── SOURCE MATERIAL

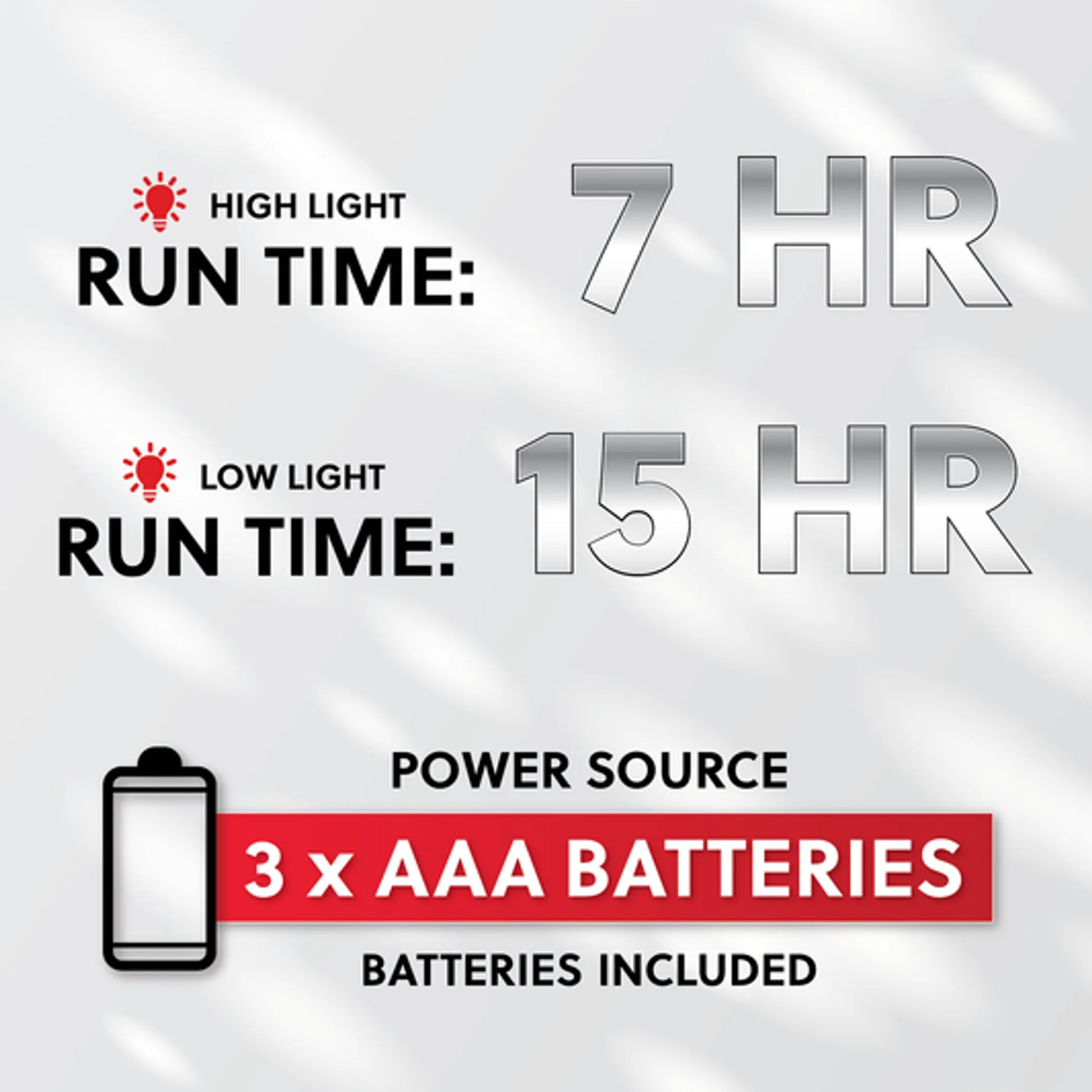 Operating Time: High 7 Hours, Low 15 Hours
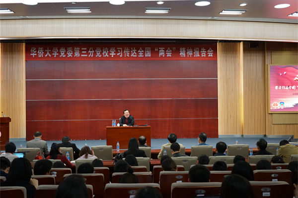 开班仪式后,第三分党校在陈嘉庚纪念堂科学报告厅举行了学习传达全国两会精神报告会。刚刚参加完第十二届全国人大第五次会议的全国人大代表、法学院副院长戴仲川教授担任主讲嘉宾,工学院、政治与公共管理学院、法学院、美术学院、外国语学院全体师生党员参加。
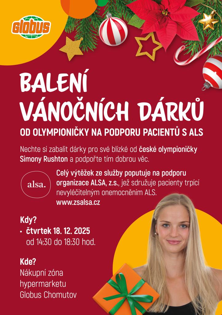 Přijďte si nechat zabalit vánoční dárky od české olympioničky Simony Rushton. Tato akce se koná ve čtvrtek 18. prosince 2025, v čase od 14:50 do 18:50 v nákupní zóně hypermarketu Globus Chomutov. Všechny výnosy z této služby budou věnovány na podporu organizace ALSA, z.s., která se věnuje pacientům trpícím onemocněním ALS. Tímto způsobem můžete nejen obdarovat své blízké, ale také podpořit dobrou věc.

────

* _WORK ORDER_
Set down the whole listing word for word, omitting the pictures.

* _WRITTEN SOLUTION_
 Operating Time: High 7 Hours, Low 15 Hours
 开班仪式后,第三分党校在陈嘉庚纪念堂科学报告厅举行了学习传达全国两会精神报告会。刚刚参加完第十二届全国人大第五次会议的全国人大代表、法学院副院长戴仲川教授担任主讲嘉宾,工学院、政治与公共管理学院、法学院、美术学院、外国语学院全体师生党员参加。
 Přijďte si nechat zabalit vánoční dárky od české olympioničky Simony Rushton. Tato akce se koná ve čtvrtek 18. prosince 2025, v čase od 14:50 do 18:50 v nákupní zóně hypermarketu Globus Chomutov. Všechny výnosy z této služby budou věnovány na podporu organizace ALSA, z.s., která se věnuje pacientům trpícím onemocněním ALS. Tímto způsobem můžete nejen obdarovat své blízké, ale také podpořit dobrou věc.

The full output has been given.